17-Week Delay Surgery after Chemoradiation in Rectal Cancer with Complete Pathological Response

1Department of Surgery, Digestive Surgery Service, Hospital de Santo António, Centro Hospitalar do Porto, Largo Professor Abel Salazar, 4099-003 Porto, Portugal
2Department of Medical Imaging, Radiology Service, Hospital de Santo António, Centro Hospitalar do Porto, Largo Professor Abel Salazar, 4099-003 Porto, Portugal
3Department of Pathology, Pathological Anatomy Service, Hospital de Santo António, Centro Hospitalar do Porto, Largo Professor Abel Salazar, 4099-003 Porto, Portugal
4Department of Pathology and Molecular Immunology, Instituto de Ciências Biomédicas Abel Salazar, Rua Jorge Viterbo Ferreira No. 228, 4050-313 Porto, Portugal

Received 21 April 2015; Accepted 27 September 2015

Academic Editor: Tsukasa Hotta

Copyright © 2015 Marisa D. Santos et al. This is an open access article distributed under the Creative Commons Attribution License, which permits unrestricted use, distribution, and reproduction in any medium, provided the original work is properly cited.

Abstract

Neoadjuvant chemoradiation (CRT) followed by curative surgery still remains the standard of care for locally advanced rectal cancer (LARC). The main purpose of this multimodal treatment is to achieve a complete pathological tumor response (ypCR), with better survival. The surgery delay after CRT completion seems to increase tumor response and ypCR rate. Usually, time intervals range from 8 to 12 weeks, but the maximum tumor regression may not be seen in rectal adenocarcinomas until several months after CRT. About this issue, we report a case of a 52-year-old man with LARC treated with neoadjuvant CRT who developed, one month after RT completion, an acute myocardial infarction.
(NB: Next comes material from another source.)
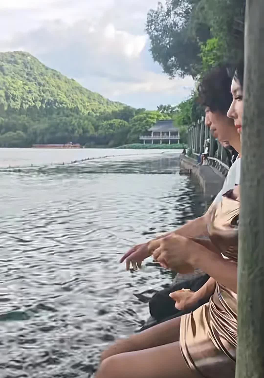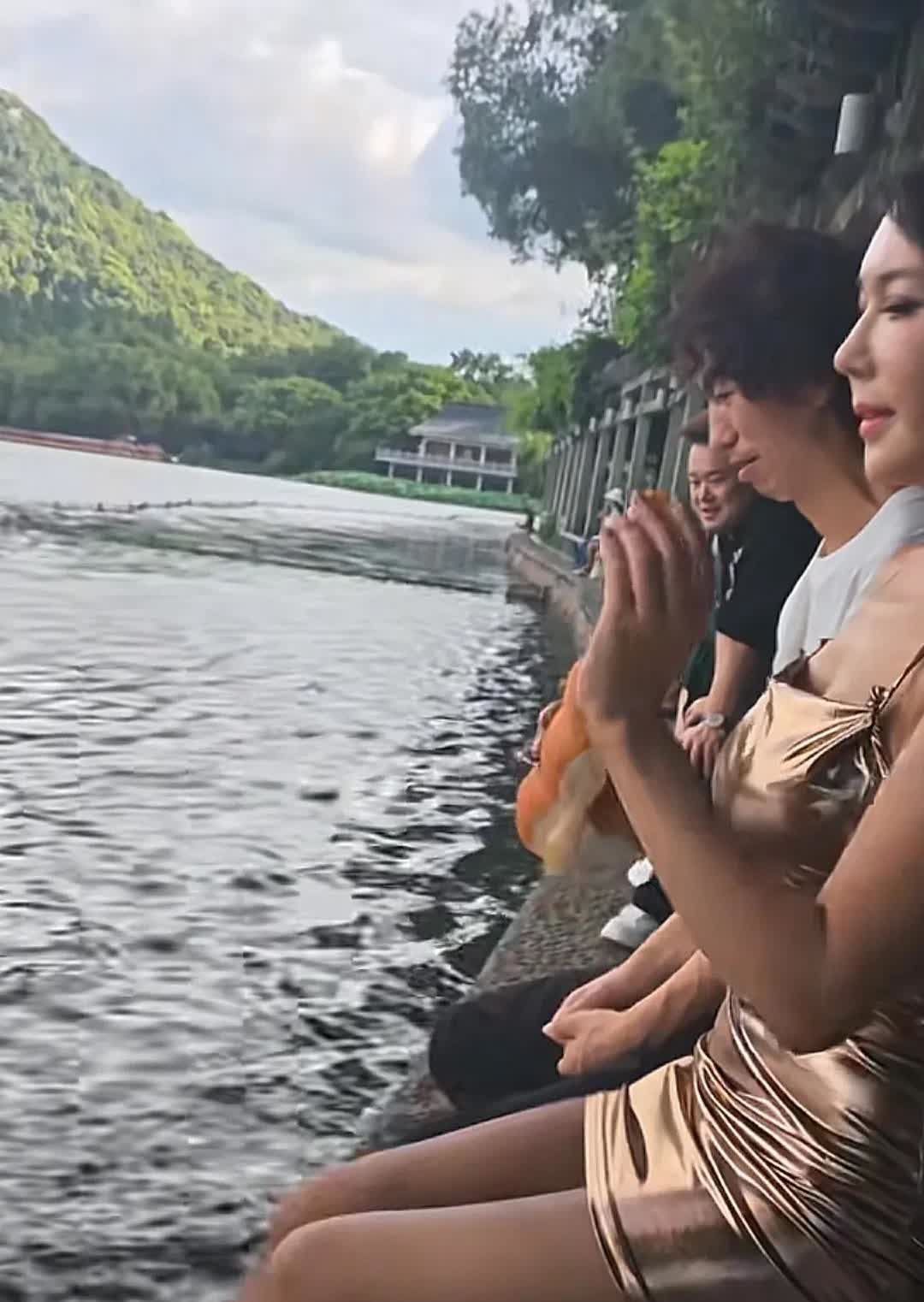 龚玥菲庞麦郎后续,俩人坐在西湖边喂鱼。主要是龚玥菲拿着面包在喂,庞麦郎则坐在旁边

The need to increase the interval between CRT and surgery for 17 weeks allowed a curative surgery without morbidity and an unexpected complete tumor response in the resected specimen (given the parameters presented in pelvic magnetic resonance imaging (MRI) performed 11 weeks after radiotherapy completion).

1. Introduction

Neoadjuvant chemoradiation (CRT) followed by total mesorectum excision (TME) surgery and systemic chemotherapy still remains the standard of care for locally advanced rectal cancer (LARC), but not all cases benefit from this treatment modality. This multimodal treatment improves disease pelvic control but better survival is achieved only if pathological response is present [1, 2]. In LARC, neoadjuvant CRT is extensively used to decrease the risk of local failure by sterilizing microscopic tumor foci not removed by the surgeon. It also allows radical surgery in difficult resectable tumors and increases the chances of sphincter-saving surgery. For a successful outcome, the size or the stage of the rectal tumor must be decreased. An interval between the end of CRT and surgery is required for tumor regression. Moreover, tumor regression varies between complete, poor, and even absence response. Tumor regression grade depends on tumor biology, CRT scheme, and the time interval between the end of CRT and surgery. If tumor response is complete or near complete, we have a favorable tumor biological profile with less risk of recurrence and better survival. When tumor CRT response is present, prolonging the time interval between CRT and surgery in order to achieve maximal tumor regression and diminish complications during surgery is advisable. On the other hand, if the tumor is a poor responder, a longer time interval after CRT is counterproductive. Maximum tumor regression may not be seen in rectal adenocarcinomas until after several months after the end of CRT; thus, a longer than usual CRT delay may benefit those well responding tumors. Predicting tumor response is not possible yet and the delay between neo-CRT and surgery in most studies ranges between 8 and 12 weeks. The optimal interval time between neoadjuvant CRT and surgery for rectal cancer has been debated.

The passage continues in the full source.